The characteristics of the sample can be found in table 1. Using the modified MDS Task Force definition, 33 patients with PD (28.5% [95% confidence interval 20.7%–37.7%]) were classified as having MCI. The comparisons between groups showed that patients with PD-MCI were significantly older than controls (table 1). MoCA scores differed between controls and patients with PD-MCI according to both classifications and between PD-CN and PD-MCI based on the PD-MCI-MDS classification. Only 18 patients (15.5% [95% confidence interval 9.7%–23.7%]) were classified with MCI based on the PD-MCI-Domain approach. Both classification methods coincided in the classification of 16 patients (88.9%) with MCI. Following the PD-MCI-MDS criteria, memory and executive impairment were the most common deficits in patients with PD-MCI (33.3% each), followed by visuospatial (27.3%) and attention (21.2%) impairment. There were no significant language deficits. Further results can be found in appendix e-1 on the Neurology® Web site at Neurology.org.
Table 1.
Cortical thickness in PD with and without MCI.

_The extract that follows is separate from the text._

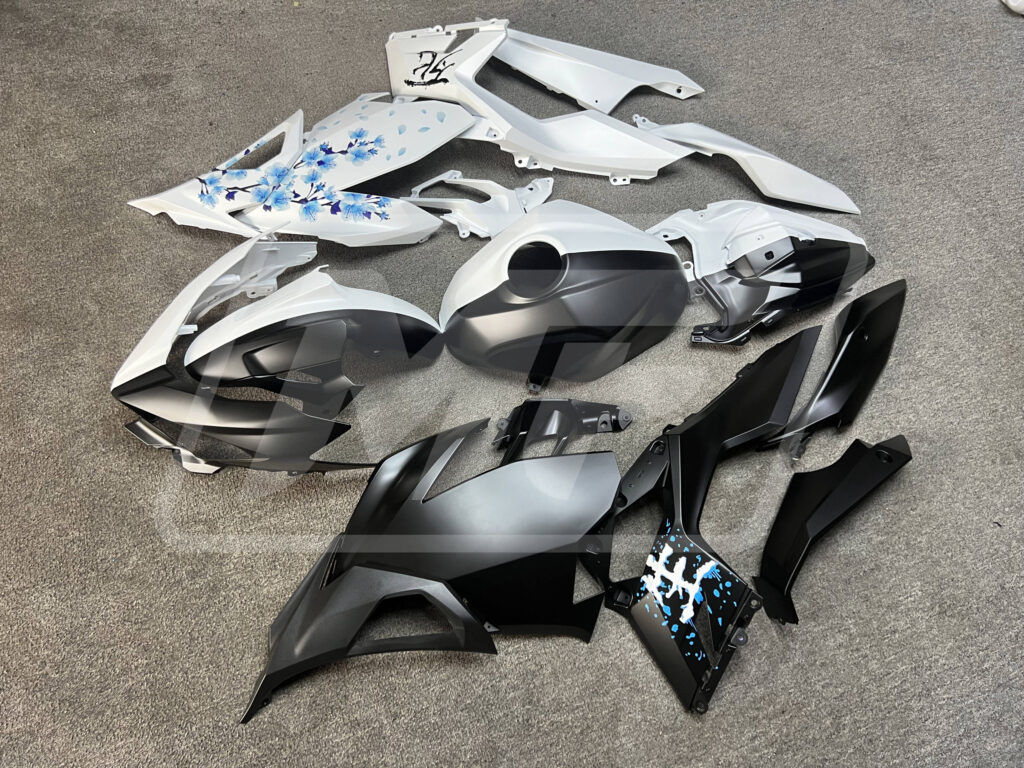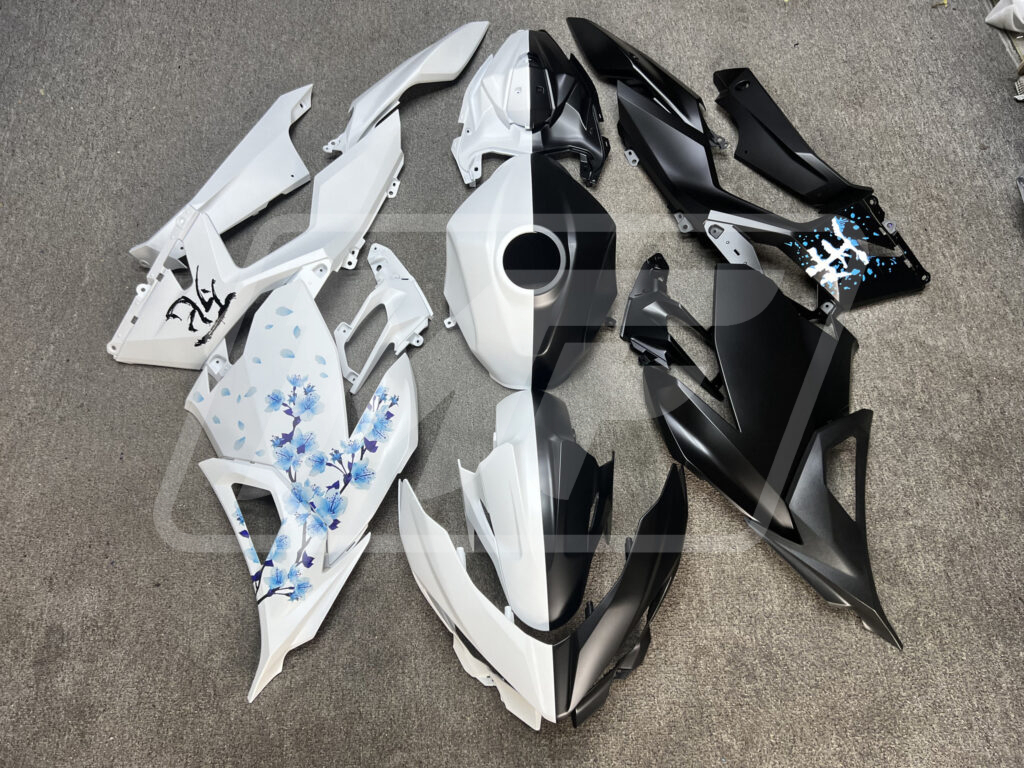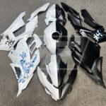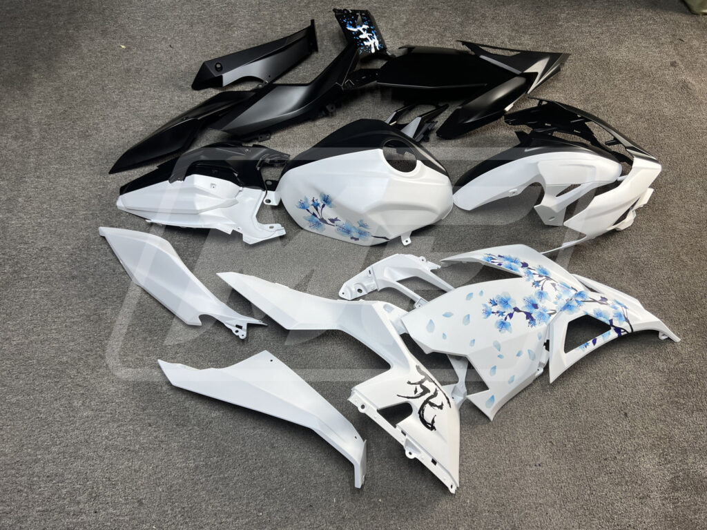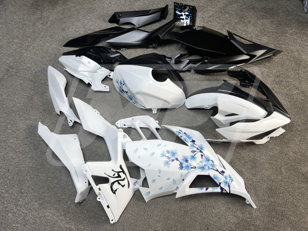 Kawasaki Ninja 400 2018-2024 Matte Black & White Blue Cherry Blossom Split ABS Fairings | Monster Fairings

Based on the PD-MCI-MDS classification, cortical thinning in the right inferior temporal gyrus was found in PD-CN patients compared with controls, while the left hemisphere did not show significant thinning, suggesting an asymmetric pattern of atrophy (figure 1, table 2). To further explore this asymmetry, we performed a secondary correlation analysis between cortical thickness in the region that showed significant group differences and neuropsychological performance in the PD-CN group. The results of this analysis showed a significant correlation between that region’s thickness values and verbal learning scores (r = 0.25, p < 0.019).
Table 2.
In patients with PD-MCI, atrophy was present in the right inferior temporal region as seen in the PD-CN group, but, in addition, regional thinning was more prominent in the left than the right side, compared with controls. Moreover, in patients with PD-MCI, changes were also observed in the left superior parietal cortex, precuneus, lateral occipital, temporal, anterior cingulate, and superior frontal gyri compared with controls (figure 1, table 2). The comparison between PD-CN and PD-MCI patient groups showed regional thinning in the left precuneus in patients with PD-MCI (figure 1, table 2).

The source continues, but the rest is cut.